Hydrological data (runoff, temperature, and precipitation) for the Shimen station were obtained from the Hutubi County Hydrological Bureau, covering 1990–2015.

1.4 Statistical Metrics

Model performance was evaluated using the Nash-Sutcliffe Efficiency (NSE) coefficient and Mean Relative Error (MRE):

$$
NSE = 1 - \frac{\sum(Q_{obs} - Q_{sim})^2}{\sum(Q_{obs} - \bar{Q}_{obs})^2}
$$

$$
MRE = \frac{\sum(Q_{obs} - Q_{sim})}{\bar{Q}_{obs}} \times 100\%
$$

where $Q_{obs}$ is observed discharge, $Q_{sim}$ is simulated discharge, and $\bar{Q}_{obs}$ is the mean observed discharge. NSE ranges from $-\infty$ to 1, with values closer to 1 indicating better fit. MRE assesses overall water balance, with values closer to 0 indicating better performance.

2. Results and Analysis

2.1 Comparison of Station and Gridded Data

Temperature comparisons reveal that station data are consistently higher than gridded data across all timescales. At the daily scale, the maximum station temperature was 24.3℃ (July 13, 2004) versus 17.5℃ for gridded data (July 29, 2008), while minimum temperatures were -26.6℃ and -24.8℃, respectively. Seasonally, summer shows the largest discrepancy, with station data averaging 16.1℃ compared to 9.7℃ for gridded data—a difference of 6.4℃. Spring and autumn differences are 4.4℃ and 4.6℃, respectively, while winter shows the smallest difference (3.8℃). The annual mean temperature from station data (5.2℃) exceeds gridded data (1.7℃) by 3.5℃.

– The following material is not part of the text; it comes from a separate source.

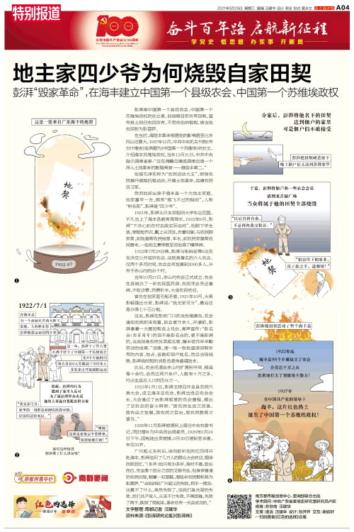 彭湃是中国第一个县级农会、中国第一个苏维埃政权的创立者。他烧毁自家所有田契,宣布其土地归农民所有,不用向他纳租税,被当地农民称为彭菩萨。在当时,海陆丰革命根据地的影响甚至比井冈山还要大。1927年12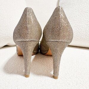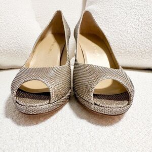 NEW Stuart Weitzman Gold Glitter Shimmer Metallic Open Toe Heeled Pumps sz 8

Precipitation patterns show gridded data generally exceeding station data. At the annual scale, station data average 494.2 mm compared to 526.2 mm for gridded data. Daily maximum precipitation also differs significantly: in 1999, station data recorded 36.5 mm while gridded data reached 65.0 mm. Seasonally, spring and summer show the largest differences, with gridded data averaging 1.2 mm and 2.4 mm daily compared to station data at 0.7 mm and 1.5 mm, respectively. Spatially, station precipitation increases with elevation within the study area, while gridded precipitation shows less clear elevation-dependent patterns.

2.2 Snowmelt Flood Runoff Simulation

A fused dataset was created by arithmetically averaging station and gridded temperature and precipitation data for model parameter calibration. Using calibrated parameters, separate simulations were conducted with station and gridded datasets.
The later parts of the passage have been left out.